Critical periods for experience-dependent synaptic scaling in visual cortex

Niraj S. Desai1, 2, Robert H. Cudmore1, Sacha B. Nelson1 & Gina G. Turrigiano1

1  Department of Biology and Volen National Center for Complex Systems, MS 008, Brandeis University, 415 South Street, Waltham, Massachusetts 02454, USA

2  Current address: The Neuroscience Institute, 10640 John Jay Hopkins Drive, San Diego, California 92121, USA

Correspondence should be addressed to Gina G. Turrigiano turrigiano@brandeis.edu
The mechanisms underlying experience-dependent plasticity and refinement of central circuits are not yet fully understood. A non-Hebbian form of synaptic plasticity, which scales synaptic strengths up or down to stabilize firing rates, has recently been discovered in cultured neuronal networks.

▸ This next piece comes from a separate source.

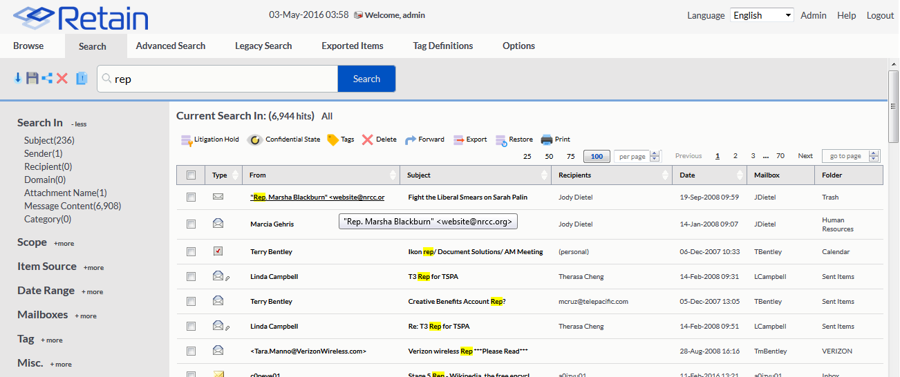 The search in Retain 4 is designed to work much like a Google search, with anticipated auto-correct search terms. The Search tab will allow searching across the entire Archive for administrators, while users will only be able to search their own archive.

Here we demonstrate the existence of a similar mechanism in the intact rodent visual cortex. The frequency of miniature excitatory postsynaptic currents (mEPSCs) in principal neurons increased steeply between post-natal days 12 and 23. There was a concomitant decrease in mEPSC amplitude, which was prevented by rearing rats in complete darkness from 12 days of age. In addition, as little as two days of monocular deprivation scaled up mEPSC amplitude in a layer- and age-dependent manner. These data indicate that mEPSC amplitudes can be globally scaled up or down as a function of development and sensory experience, and suggest that synaptic scaling may be involved in the activity-dependent refinement of cortical connectivity.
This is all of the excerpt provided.